Symantec also identified a problem where graceful shutdown of a cluster node triggered race on the existing cluster and the racer somehow could not eject the keys of the rebooting node and this caused racer to panic itself. There is a fix available for the graceful node shutdown in 6.0 & 5.1SP1RP3 but no HF on top of 5.1SP1RP2. 5.1SP1RP3 is expected to be released by end of Aug 2012.
The following is extracted from the VCS 6.0 Release Notes.

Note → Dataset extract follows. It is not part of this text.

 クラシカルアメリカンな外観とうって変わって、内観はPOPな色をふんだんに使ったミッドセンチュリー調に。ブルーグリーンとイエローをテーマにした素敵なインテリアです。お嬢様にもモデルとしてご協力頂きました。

Changes introducted in 6.0
Graceful shutdown of a node no longer triggers I/O fencing race condition on peer nodes
In the earlier releases, a gracefully leaving node clears its I/O fencing keys from coordination points. But the remaining sub-cluster races against the gracefully leaving node to remove its registrations from the data disks. During this operation, if the sub-cluster loses access to the coordination points, the entire cluster may panic if the racer loses the race for coordination points.

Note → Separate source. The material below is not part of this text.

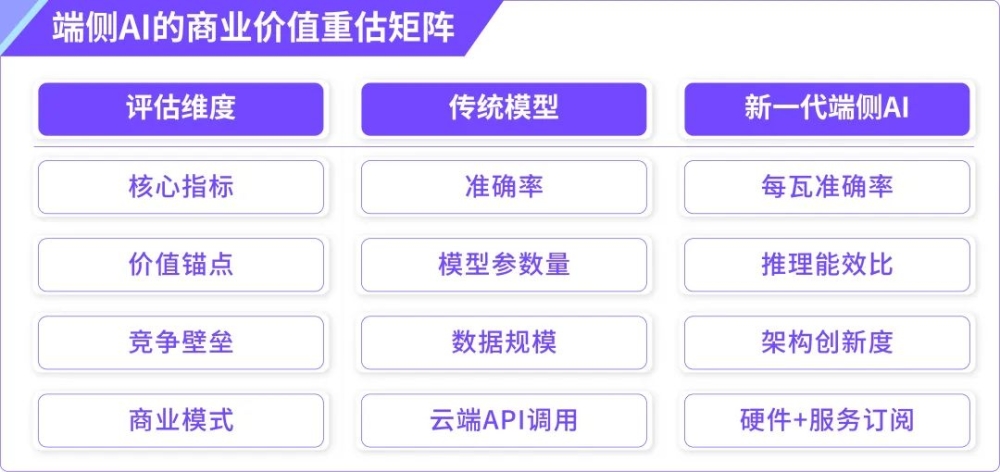 以下是一个端侧AI的商业价值重估矩阵,对比了传统模型和新一代端侧AI在不同维度上的差异:

In this release, this behavior has changed. When a node leaves gracefully, the CVM or other clients on that node are stopped before the VxFEN module is unconfigured. Hence, data disks are already clear of its keys. The remaining sub-cluster tries to clear the gracefully leaving node’s keys from the coordination points but does not panic if it is not able to clear the keys.